This article is for developers already using LLM coding assistants who want to sharpen their workflow. I won't be explaining what an LLM is or how to set up your first AI coding tool. Instead, I'll walk through the tooling, habits, and hard-won lessons I've picked up over two years of daily LLM-assisted development.
The single biggest shift in that time: I stopped treating LLMs as code generators and started treating them as collaborators that need a plan.
The Tooling Stack
I've been using Roo Code for the longest time. Its appeal is flexibility — it works with anything, supports multiple modes, and is deeply customizable. Recently, I switched to Kilo Code, which adds one critical feature Roo Code lacked: autocomplete. Kilo Code uses the Codestral model running locally via Ollama for this, which means fast completions with zero cloud cost.
On the context side, I use the Conport MCP server to persist long-term context across sessions — architectural decisions, patterns, conventions, and to-do items. This acts as a project's living memory that any mode can reference.
I also use custom Roo Flow prompts, which I've tuned to reduce token usage. One recent change worth noting: I had to modify the default Roo Flow prompts to remove XML-based tool usage directions and switch to native tool calling.

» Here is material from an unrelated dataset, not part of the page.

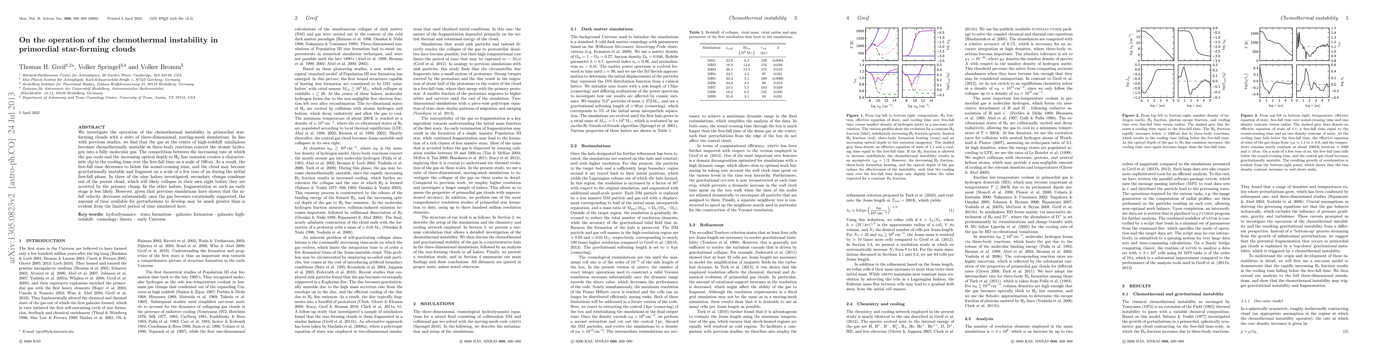 We investigate the operation of the chemothermal instability in primordial star-forming clouds with a suite of three-dimensional, moving-mesh simulations. In line with previous studies, we find that the gas at the centre of high-redshift minihaloes becomes chemothermally unstable as three-body reactions convert the atomic hydrogen into a fully molecular gas. The competition between the increasing rate at which the gas cools and the increasing optical depth to H2 line emission creates a characteristic dip in the cooling time over the free-fall time on a scale of 100 au. As a result, the free-fall time decreases to below the sound-crossing time, and the cloud may become gravitationally unstable and fragment on a scale of a few tens of au during the initial free-fall phase. In three of the nine haloes investigated, secondary clumps condense out of the parent cloud, which will likely collapse in their own right before they are accreted by the primary clump. In the other haloes, fragmentation at such an early stage is less likely. However, given that previous simulations have shown that the infall velocity decreases substantially once the gas becomes rotationally supported, the amount of time available for perturbations to develop may be much greater than is evident from the limited period of time simulated here.

If you're still on the XML-based prompts, it's worth making that switch.
The Architect-First Workflow
Early on, my process looked like this: write a prompt, get code back, iterate on the code, get frustrated, iterate more. The generated code was often close but structurally wrong in ways that took multiple rounds to fix. I was spending most of my time reacting to output instead of shaping it.

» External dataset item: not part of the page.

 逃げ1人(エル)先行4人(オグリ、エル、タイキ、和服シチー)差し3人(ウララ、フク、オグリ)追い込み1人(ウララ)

Now, I spend almost all of my time in Flow Architect mode. I generate a plan, iterate on that plan until I'm satisfied with every detail, and only then move to code generation. The result is that code generated in Flow Code mode — or the walkthrough generated in Flow Ask mode — is nearly flawless on the first pass.
This was the single biggest improvement in my entire workflow. Everything else I'll describe builds on top of it.
When a task is fully documented and follows the single responsibility principle, I feed the design document from Architect mode as initial context into a new Flow Code conversation. If there are multiple clearly defined tasks, I switch to Flow Orchestrator mode and let it manage parallel conversations. The key is that no code gets written until the plan is solid.
Model Selection
Not every task needs the most powerful model. Setting the exact default model per mode has been one of the simplest ways to control cost without sacrificing quality.
My current breakdown: Opus for architecture work, where reasoning depth matters most. Sonnet for complex technical tasks that require nuance. Haiku for straightforward, well-known tasks — even high-volume code generation — which, honestly, is the majority of the work. Most coding tasks are not novel; they're well-established patterns that a lighter model handles perfectly.
Prompt Discipline
A few things I've learned about how to talk to these models effectively.
Be specific in your instructions, and tell the LLM what it should not do. This is just as important as telling it what you want. Without negative constraints, models will infer scope and often infer too broadly.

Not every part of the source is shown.